Duffield graduated from Princeton University in 1873, where he received the Junior Orator Medal, and the Princeton Theological Seminary in 1877. In November 1888, he received an honorary Doctor of Divinity from Princeton.

==Career==
Duffield was a Presbyterian minister, first at Leacock Presbyterian Church in Leacock Township, Pennsylvania, then the Presbyterian Church of Beverly, New Jersey, followed by the Westminster Church in Detroit, and finally in 1891 the Old First Presbyterian Church in Manhattan (founded in 1716), at 11th Street and Fifth Avenue, which was merged with the Madison Square Presbyterian Church in 1918. Duffield "believed in the importance of the preached word and embraced the notion of an outdoor pulpit, allowing him in the summers to preach to crowd's on Old First's lawn." In 1916, which was also his twenty-fifth year in the pulpit, he published A Bird's Eye View of the Twelve Months' Work at the Old First Church: Reports of the Boards, Societies and Clubs of the Old First Presbyterian Church in the City of New York.

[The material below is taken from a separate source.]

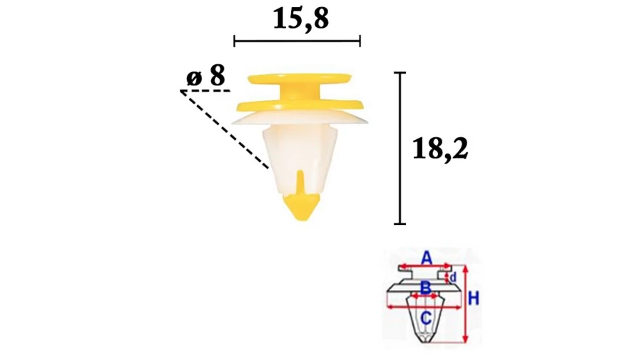 Méretek: A 12,9 mm B 7,8 mm C 15,8 mm d 2,4 mm H 18,2 mm és ø 8 mm furathoz

Duffield was elected a member of the Saint Nicholas Society of the City of New York, an organization in New York City of men descended from early inhabitants of the State of New York. Beginning in 1922, he served two terms as the Society's 49th President, succeeding Alfred Wagstaff Jr.

==Personal life==
In May 1877, Duffield was married to Catherine Nash Greenleaf (1852—1936), a daughter of Thomas Greenleaf and Eleanor (née Leal) Greenleaf. Both Catherine and her brother James Leal Greenleaf, a prominent landscape architect, were Mayflower descendants. Together, they lived at 36 Washington Square West and were the parents of:

- George Greenleaf Duffield, who died in infancy.
- Howard Leal Duffield (1879–1884), who died young.
- Eleanor Van Dyck Duffield (1880–1939)
- Douglas Greenleaf Duffield (1882–1884), a twin who died in infancy.
- Stuart Kennedy Duffield (1882–1944), a twin.
- Winifred Duffield (b. 1887)

Duffield died at his apartment in the Hotel Holley at 36 Washington Square West, on January 5, 1941. He was buried at the Princeton Cemetery in Princeton, New Jersey.